What does the current hand-luggage furore at UK airports have in common with the UK government’s agenda for nuclear power? 

Absolutely nothing as it happens. They are poles apart in the way the government expects the ‘general public’* to react. (*I hate that word – it creates distracting data – and am unable to use it without quotation marks.)

Item no. 1 – Nuclear power

Nuclear power regularly pops up on the UK government’s agenda, and usually gets smacked down by the media arguing that nobody wants to live near a nuclear power plant (somewhat difficult to avoid on a densely-populated small island). Citing its safety record and benefits compared to coal- and oil-based alternatives has little impact, because safety records are irrelevant. It isn’t the level of risk that concerns people, it’s the fear of the consequences from just one single failure and Chernobyl serves up pictures to remind everyone.

Is the fear irrational? Absolutely. Is it reasonable? Yes, but it’s also quite pointless. Let me demonstrate.

Should the UK population be persuaded to accept nuclear power, it would likely be on the condition that plants be located as far away from cities as possible, i.e. Scotland (always gets the short straw). Let’s look at the distances involved:

Placing London at the centre of the red circle, the distance to Scotland also covers a fair portion of France. France already generates most of their electricity from nuclear power. And where do you suppose the nuclear power plants are located? Image courtesy of the BBC web site:

🙂 At most, only three are further away from London than the Outer Hebrides. I rest my case. At the risk of having my passport revoked and replaced by a one-way ticket on the EuroStar, I wonder why the UK government hasn’t tried using France as an example to argue their case.

Item no. 2 – Hand luggage on planes

You may have noticed that UK air travel went a little bit chaotic a couple of weeks ago. A plot to blow up planes was uncovered, the intention apparently being to construct the bomb in-flight by carrying household liquids and electronic items in hand luggage that, when combined together, can become explosive.

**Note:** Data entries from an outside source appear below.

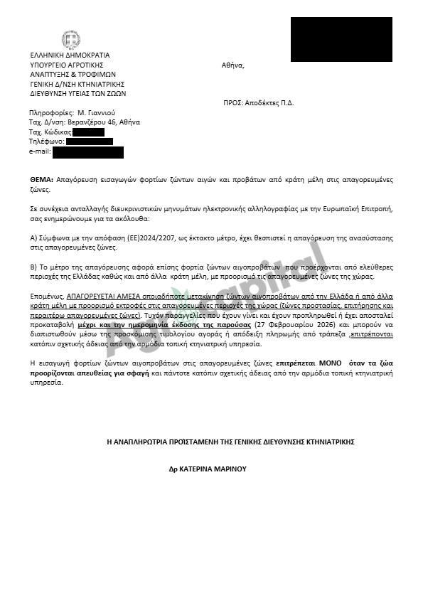 Απαγορεύεται άμεσα οποιαδήποτε μετακίνηση ζώντων αιγοπροβάτων από την Ελλάδα ή από άλλα κράτη μέλη με προορισμό εκτροφές εντός ζωνών προστασίας, επιτήρησης και περαιτέρω απαγορευμένων περιοχών, όπως ρητά αναφέρεται στο έγγραφο.
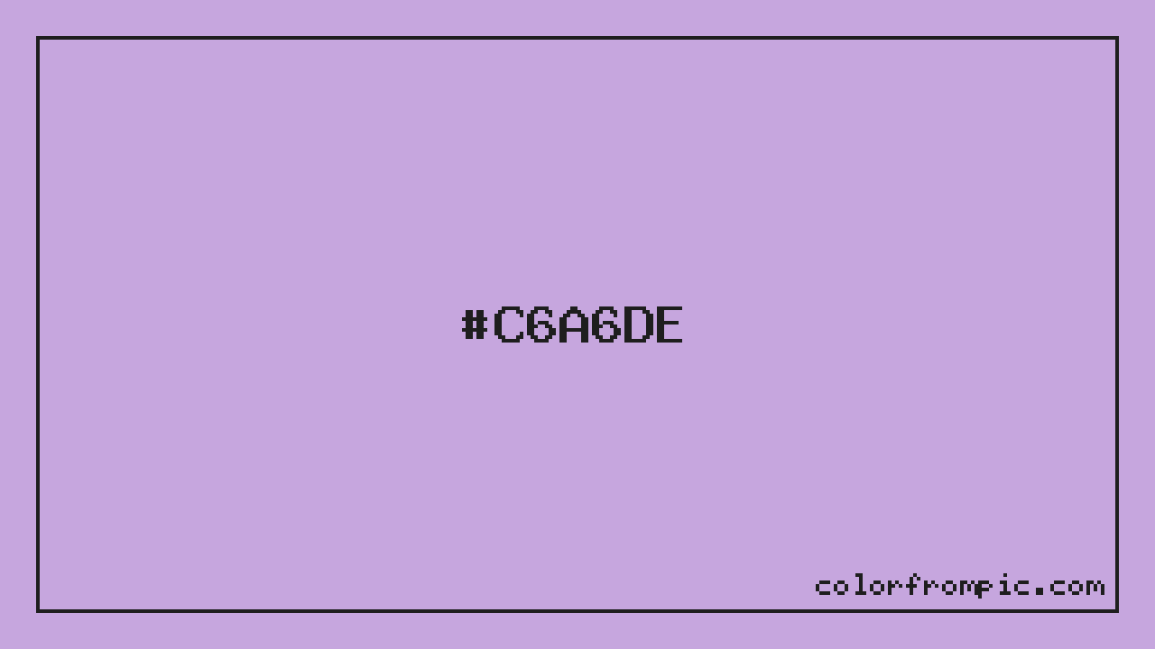 The HEX code for Light Violet is #C6A6DE. In CSS you can use it directly as color: #C6A6DE; or as a background: background-color: #C6A6DE;. The three-character shorthand is not available for this color since it cannot be reduced without changing the value. Use the full six-character hex for accurate reproduction in any web or design project.
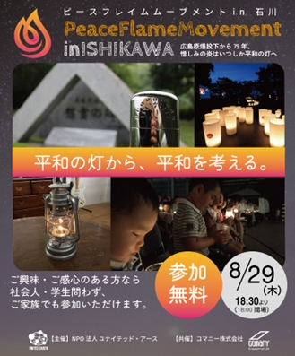 コマニーでは、この「平和の火」を八女市から分けていただき、8月29日(木)18時30分から「ピースフレイムムーブメント in ISHIKAWA」と題し、平和について考えるイベントを開催いたします。このイベントでは、「平和の火」の前で平和について考え、願いを共有し、そして未来の子どもたちや世界に夢や希望をもてる社会について話し合います。
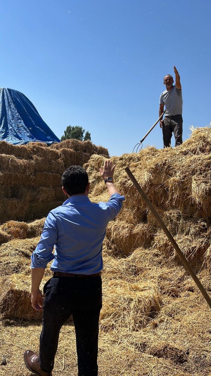 Hasat çalışmalarını sürdüren çiftçilerle birlikte patos vuran başkan Adıgüzel, “Çiftçilerinizin hoş muhabbetlerine ortak olup, dertlerini ve taleplerini dinledik. Emeğinin ve ekmeğinin peşinde olan tüm çiftçilerimize hasatlarının bereketli olmasını diliyor ve kolaylıklar diliyoruz. Geleceğimizin teminatı olan Bozkurt bakışlı çocuklarımızın o tertemiz kalplerine misafir olduk” ifadelerini kullandı.
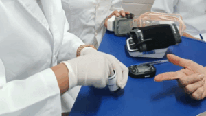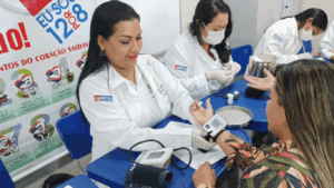 Já os acadêmicos do sétimo período de Enfermagem ficaram responsáveis por procedimentos de aferição de pressão arterial e realização de testes de glicemia capilar, contribuindo para a conscientização sobre a importância do monitoramento da saúde.
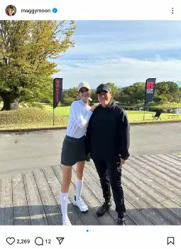 マギーは「みんなに聞いてほしい!!!」と呼びかけ、「中学生の時に同級生だったお友達に17年ぶりに再会したの!プロゴルファーの遥加」と、元プロ野球選手・工藤公康氏の長女で、俳優・工藤阿須加の妹にあたる女子プロゴルファー・工藤遥加との2ショット写真を公開した。

To prevent planes being blown up, the government immediately banned all hand luggage on all flights in to and out of the UK. Now who’s being irrational? Out of all the people on all of the flights, how many were even remotely likely to be terrorists completely unknown to the government and likely to board a plane undetected. The argument for all the disruption? “If just one person managed to bypass the security…” Hmmm, that sounds just like the ‘general public’ reaction to nuclear power plants.

It’s going to be hard for the government to tell its population to stop being irrational about potential nuclear threats when the government decides to be irrational about potential terrorist threats.

Fear versus Disruption

Irrational fears are forgotten or sidelined when the fear becomes too disruptive for every day life to continue. If the UK starts suffering regular black-outs due to insufficient electricity, and exorbitant oil prices push fuel costs beyond an as-yet unknown tipping point, people will start demanding alternatives. They may want other options explored first (wind, solar, hydro) but nuclear power will soon be considered acceptable if it becomes too inconvenient to not have it.

After September 11th, fear initially stopped people from flying. But the inconvenience caused by not flying soon outweighed fear and the inconvenience caused by increased security checks for flights to/from/within the US. The difference this time is in the level of security checks. With hand luggage now being so restrictive and security checks applied to all UK flights, how many regular business travellers will consider the disruption to be on the wrong side of the tipping point and choose alternatives. This time it isn’t fear that will stop people flying (you may end up on a plane that is blown up but it is unlikely). It is the process of flying that has become the problem (you will be disrupted every time you go to the airport) – that’s a whole different equation. I think the travel industry is right to be concerned.

So what’s all this go to do with people, information and technology (i.e. is this on- or off-topic)?

Irrational arguments that delay new technologies being adopted soon disappear when not using them becomes disruptive to daily activities. Similarly, technologies that are too disruptive compared to alternatives are unlikely to ever succeed in a mainstream market (there’s good reason why the paperless office remains a myth). It’s back to the chasm and the tipping point. For example, when will IM come of age? When it becomes a disadvantage to not use it and/or the current alternatives (email, phone) become too disruptive to use (spam, spam) – then arguments against adoption, especially irrational and unproven ones, will be sidelined or ignored.